Input data:
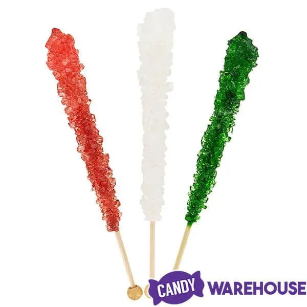 Tub contains 36 wrapped Christmas Assortment Rock Candy Sticks.
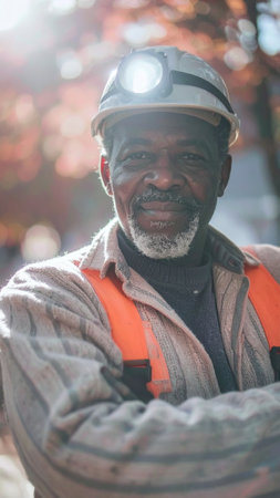 A close-up portrait of a smiling senior African miner wearing a hard hat with a lit headlamp and an orange safety vest, with his arms crossed in an outdoor setting. High quality photo
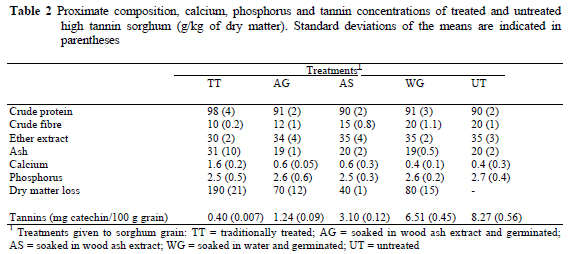 The results of the proximate composition, calcium, phosphorus and tannin concentrations of the untreated and treated sorghum grain are shown in Table 2.

What to produce:
The whole listing must be restated word for word. Leave out any pictures.

Response to this task:
 Tub contains 36 wrapped Christmas Assortment Rock Candy Sticks.
 A close-up portrait of a smiling senior African miner wearing a hard hat with a lit headlamp and an orange safety vest, with his arms crossed in an outdoor setting. High quality photo
 The results of the proximate composition, calcium, phosphorus and tannin concentrations of the untreated and treated sorghum grain are shown in Table 2.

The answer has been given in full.